InputStream inputStream = socket.getInputStream();

Bitmap bmp = BitmapFactory.decodeStream(inputStream);

return bmp;

Sent: Sent image

Received: Recevied image

2

There are 2 answers

12
blackapps On

When BitmapFactory.decodeStream() is ready it will close the stream. And hence the socket will be closed too. You say it hangs? Wel... hmmmm. hmmm.

That is why i said you earlier that the server should close the socket after having send the file. What is causing my image to corrupt during transfer via Bluetooth RFCOMM using FTP?

If you want to keep the connection open after a picture sent/received then you cannot use BitmapFactory.decodeStream(). –

hoping to find a way to preliminarily set the expected image size before decoding the image,

Well that is pretty standard. You let the sever first send an integer (four bytes) indicating the lenght/amount of following bytes.

Client first reads that integer and could make a byte array with the right size where it puts the received bytes of the file. You can then use BitmapFactory.decodeByteArray(). (or something like that).

0
Stephen C On

If the decodeStream doesn't complete, that most likely means that the InputStream it is trying to read from has blocked. And that means that it hasn't received the data it expects.

There is another possible explanation: the server could be sending a malformed image that is causing the decoder to get stuck on the client side. One example in Java 5's image decoder ... long since fixed ... was CVE-2006-6745. There may be more recent ones.

Apparently, unlike the Java SE image decoder classes, Android's decodeStream does not call close(). That means that there isn't any way to tell if the decodeStream call has completed apart from checking the value that it returns. The javadoc states:

"If the input stream is null, or cannot be used to decode a bitmap, the function returns null. The stream's position will be where ever it was after the encoded data was read."

But I think you are really missing the point. Correct me if I am wrong, but what you are actually trying to do is to stop the client size from blocking the server and vice versa.
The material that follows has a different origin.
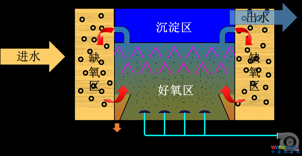 復(fù)合生物法和氧化溝工藝的外圈,在功能上實(shí)現(xiàn)同步硝化反硝化,且通過(guò)精準(zhǔn)智能控制措施,能夠促使污水低速循環(huán),且能防止污泥沉降。

The solution to that is to use timers or timeouts.

  • On the server side, use a timer to detect that it has taken too long to send the (complete) image file.

  • On the client side, use a timer to detect that the decoderStream has taken too long.

  • In either case, the your code should then be able to call close the stream. On the client side, the decoderStream call should then return null. (At least, that is what the documentation seems to imply.)


Your idea for fixing this was something like the following:

byte[] numOfBytes = new byte[inputStream.available()];
inputStream.read(numOfBytes);
BitmapFactory.Options options = new BitmapFactory.Options();
options.setExpectedImageSize(numOfBytes);
Bitmap bmp = BitmapFactory.decodeStream(inputStream, null, options);

This approach is fatally flawed.

  1. Calling InputStream.available on a socket input stream ONLY tells you how much data can be read without blocking. Basically, that is the data that has already been received into the kernel TCP/IP buffers on the client side. It probably won't be the entire image.

    Basically, calling InputStream.available is rarely the right thing to do. (IMO, it would be a good idea if they deprecated it ... though I doubt that they will.)

  2. Therefore inputStream.read(numOfBytes) won't read the entire image.

  3. But then you don't do anything useful with numOfBytes.

  4. There isn't a way to set an "expected image size" in the Options.